The Strangest Recipes Recommended In Elizabeth Taylor's Diet Book
Aren't celebrity cookbooks fun? We're not talking about famous chefs here, but celebs whose claim to fame has nothing to do with food. Sure, today they mostly just release YouTube videos like Paris Hilton's Cooking With Paris, a one-of-a-kind tutorial that teaches us a lasagna-making technique that seemingly involves copious spritzes of body spray. Every once in a while we get a series like Amy Shumer's quarantine cooking show that actually aired on the Food Network, although admittedly her efforts were given screen time during a period where they were short on new content. Back in the olden days, however, food TV was still in its infancy and DIY web shows barely existed — sadly, a proposed Macho Man Randy Savage cooking show from the late 90's was never picked up by any network, so it only exists on a VHS tape.
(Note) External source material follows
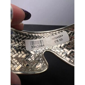 Genuine Sterling silver. Flexible braided cuff style bracelet made in Indonesia. 925 total weight is 34.29 grams. No hallmark found.
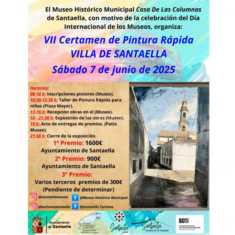 El Museo Histórico Municipal de Santaella y el Área de Cultura y Turismo del Ayuntamiento de Santaella, con motivo del Día Internacional de los Museos, convocan el VII Certamen Nacional de Pintura Rápida al Aire Libre “Villa de Santaella”, que tendrá lugar el día 7 de junio de 2025, sábado, de acuerdo con las siguientes bases:

In the 20th and early 21st century, celebrity wannabe-chefs often preferred the printed word. While many of their masterworks are long out of print, you can go online and purchase a used copy of Can You Take the Heat? The WWF is Cooking! that will allow you to smell what The Rock was cooking at the turn of the millennium, as well as Ted Nugent's 2005 Kill It & Grill It, VH1's Mob Wives' 2014 guide to How to Use a Meat Cleaver, and 1988's Elizabeth Takes Off by the divine Liz Taylor.
Elizabeth Taylor's book is a combination of a memoir and a weight loss plan
This last-named book, penned by a woman who once rivaled Marilyn Monroe for the title of world's most beautiful woman, is actually rather moving. It honestly details her despair as she bloated up to nearly double her fighting weight and describes how she struggled so hard to slim down once again. Not only does Taylor offer motivational advice, but she also gives a blueprint complete with exercises, a daily eating plan with built-in "cheat days," and even a few chapters of recipes (via Internet Archive).
Many of these recipes are just as fancy as you'd expect from an A-lister's table: grilled swordfish, steamed lobster, barbecued squab. Others, however, are pure mid-century strangeness: steamed cucumber? Baked tomatoes stuffed with nutmeg-spiced spinach? Hamburgers with peanut butter? (Oh wait, you can get those at Shake Shack). By far the grossest concoction, however, is a horrifyingly weird tuna salad. While it starts out fairly normal with water-packed tuna, low-cal mayonnaise, scallions, and celery, it then takes a turn for the bizarre when it mixes in tomato paste and goes full-on whackadoo by adding grapefruit segments. Worse yet, the whole icky mess is served inside a grapefruit shell for some extra added bitterness. Blecch, really? Still, as Liz herself said in this book, to lose weight, you've got to "keep your sense of humor," so we're going to assume that salad recipe was meant as a joke.